Wednesday 13 June 2012

Can I get a second opinion?


After weeks of planning, writing the first draft of my book, and then several more months editing it into reasonable shape, I started to look at it and despair. It could have been written in another language for all the sense it made to me. Every word was so familiar and so ingrained in my brain that I couldn’t see a way to change it. The only way to move forward from this point was to get a second opinion. What I wanted out of an early review, or beta read, was to know in broad terms which parts of the story, and which bits of my writing, were working and which weren’t.

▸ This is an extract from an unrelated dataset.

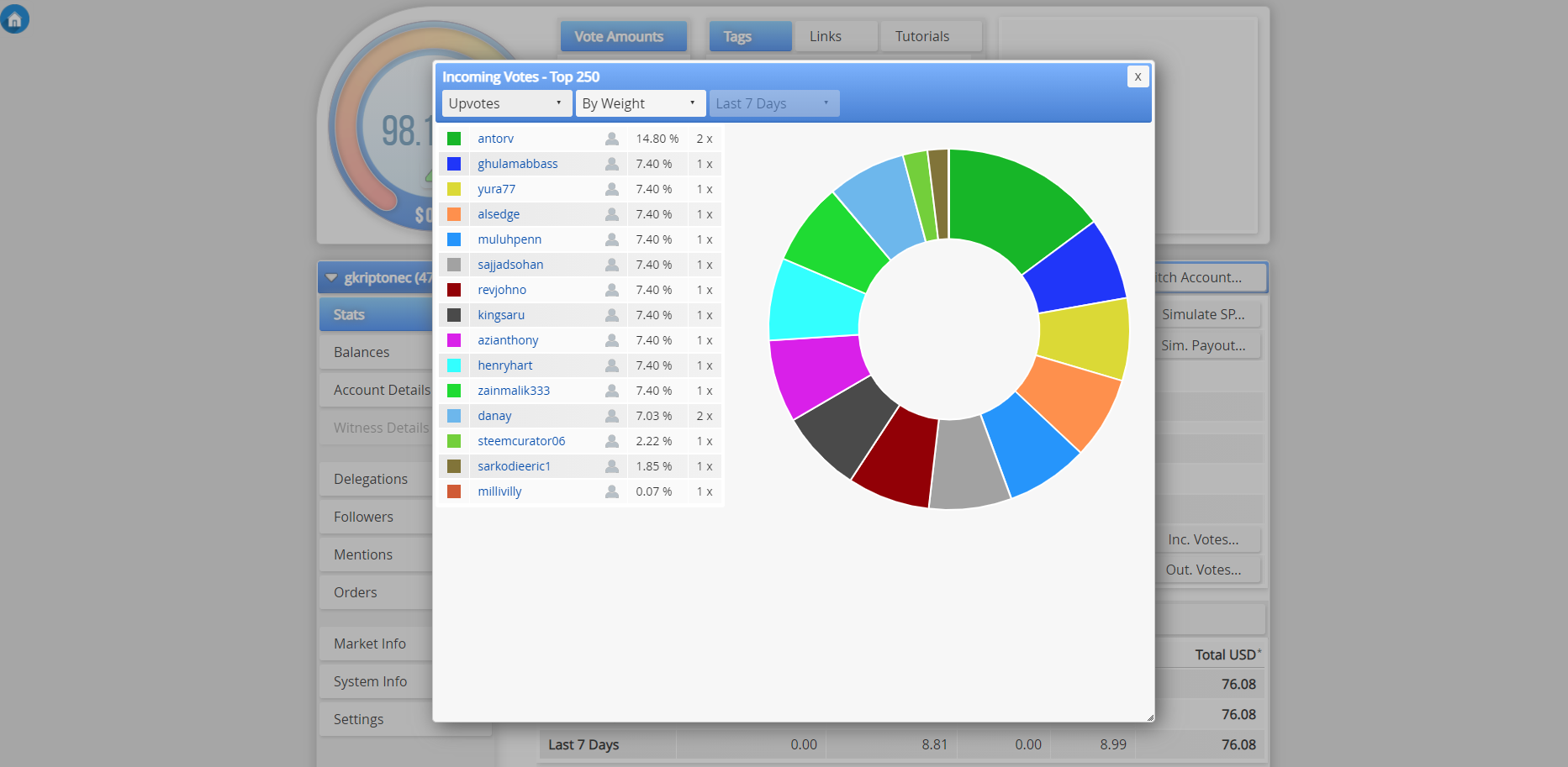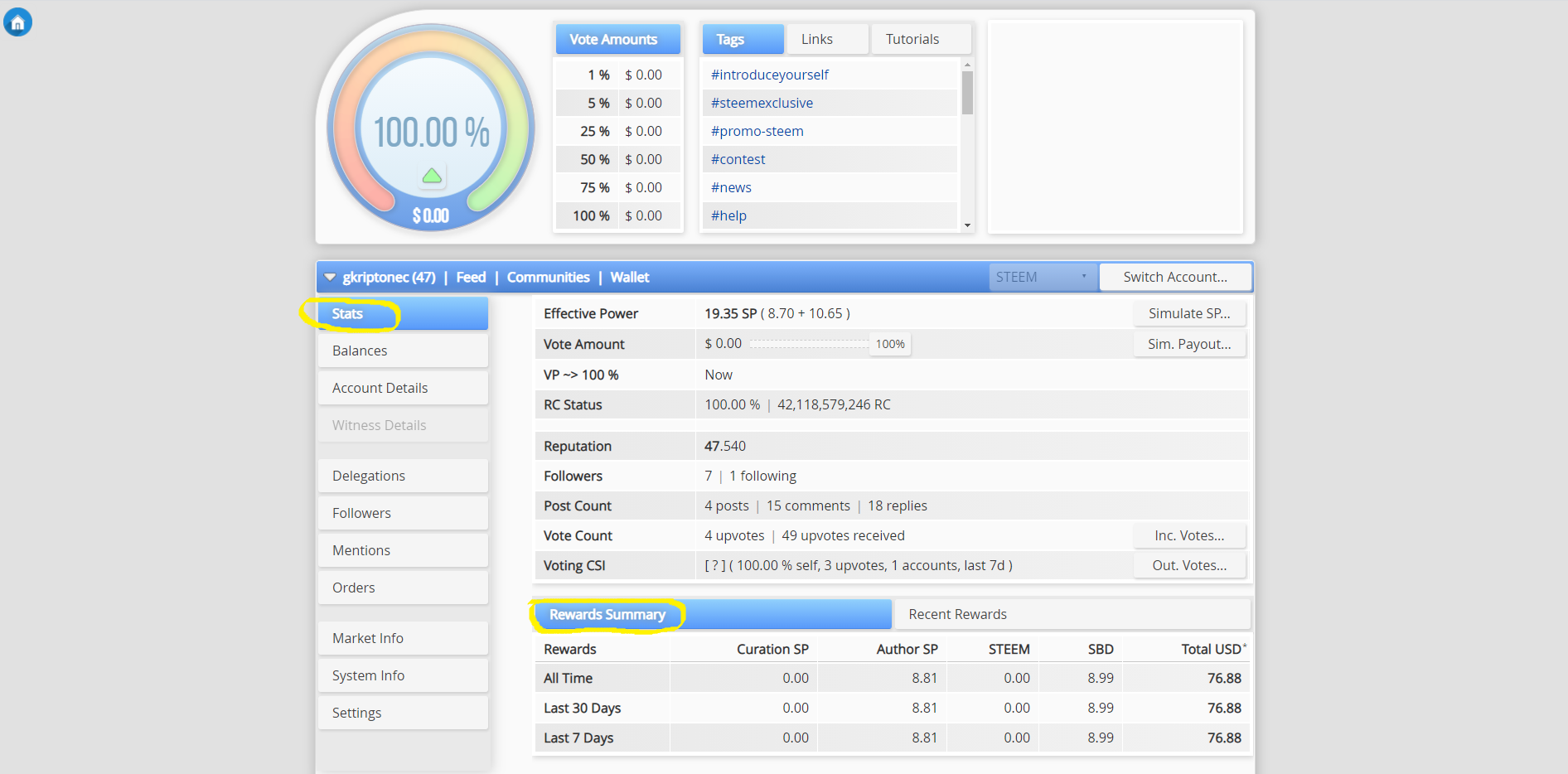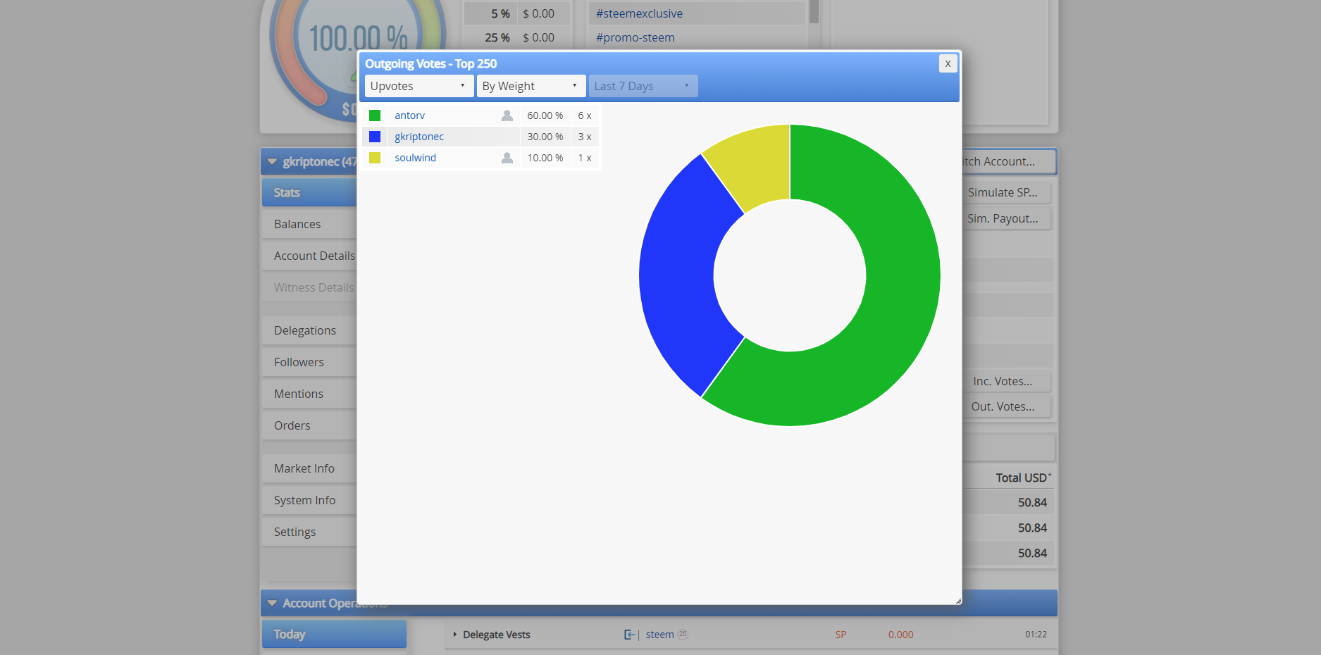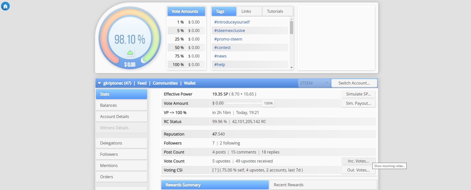 To check my upvote value I need to look at the top of the page. There is a round that shows the percentage of the votes (Vote Amounts). This showcases the corresponding $ values of the different voting percentages. These depend on how much Steem power I have in my account. I can set a different percentage of the vote power for upvoting posts. Also i can push “simulate sp amount” and “simulate payout amount” buttons to see how much SP i could have and how it would have affected my vote amount.

When you’re looking for someone to review your manuscript, you have several options. There’s friends and family, of course, but be sure that whoever you ask is prepared to give you constructive criticism when it’s needed. Absolutely the most important thing in a reviewer is that they’re able to be honest with you - a review is no use if it doesn’t help you improve your book. If you don’t like the idea of asking a friend, then you have a couple of options. You could ask a professional editor to appraise your manuscript and make suggestions, or you can take to Twitter, blogs and forums to find beta readers or a crit partner. Chat with people who read and write in your genre, find someone you have a connection with, and ask! If possible, make yourself available to other writers who want beta readers – you learn so much about the craft by finding what works and what doesn’t in other peoples’ writing.

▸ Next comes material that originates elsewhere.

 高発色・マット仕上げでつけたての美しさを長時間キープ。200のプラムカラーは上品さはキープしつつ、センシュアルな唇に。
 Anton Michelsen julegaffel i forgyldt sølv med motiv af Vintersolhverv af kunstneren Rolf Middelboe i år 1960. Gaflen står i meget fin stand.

I’m very fortunate to have a brilliant friend, who also happens to be a brilliant editor (@SarahLou_Long – follow her real-life romance here: http://www.miningfm.com.au/ask-our-experts/the-miners-girl.html), agree to read my manuscript. We read and write in similar genres and I knew that her editorial instincts would be too strong not to suggest improvements wherever she could. I’d have been happy to have comments on just a few chapters, but, as I said, she is brilliant and agreed to read the whole thing.

When it actually came to reading this honest feedback and (plenty of) constructive criticism, I felt a bit ill. I’d not had anyone comment objectively on my writing since school, and had major attacks of the doubt crows (my current favourite phrase, courtesy of Maisey Yates). Mostly though, once I got into it, I found reading the suggestions for improvement more frustrating than painful, because once it was pointed out, every mistake seemed so obvious! Not only that, but a lot of the comments were requests for more information – often about the finer details of setting or subtext – that I had already thought about and written into my notes. It was absolutely crystal clear in my mind, but I’d somehow forgotten to get the words on the page.  By this point I knew my characters and my scenes so well that my brain was filling in gaps. But at least this meant that the negative comments were easy to tackle, and even the littlest positive ones (‘Love this J’ or ‘I love this whole page!’) made me do a little happy dance.

Of course, the reasonable part of my brain knows this isn’t the purpose of positive comments. What I need to do is pick apart these good bits, trying to work out what I’d said, or not said, that made Sarah smile, or gasp, or hate me (my favourite of the bunch was this one: ‘What? Don’t stop!! OMG, I have to get back to work now and I want to keep reading – you’re such a bl**dy tease!!’). And I will absolutely do this. Right after the happy dancing. 

But by far my favourite thing to come from this process is the homework – so far, I’ve been instructed to reread Marian Keyes, spend some quality time thinking about Jonny Jefferson, watch Entourage and listen to Matthew McConaughey’s voice. With advice like that, who am I to argue?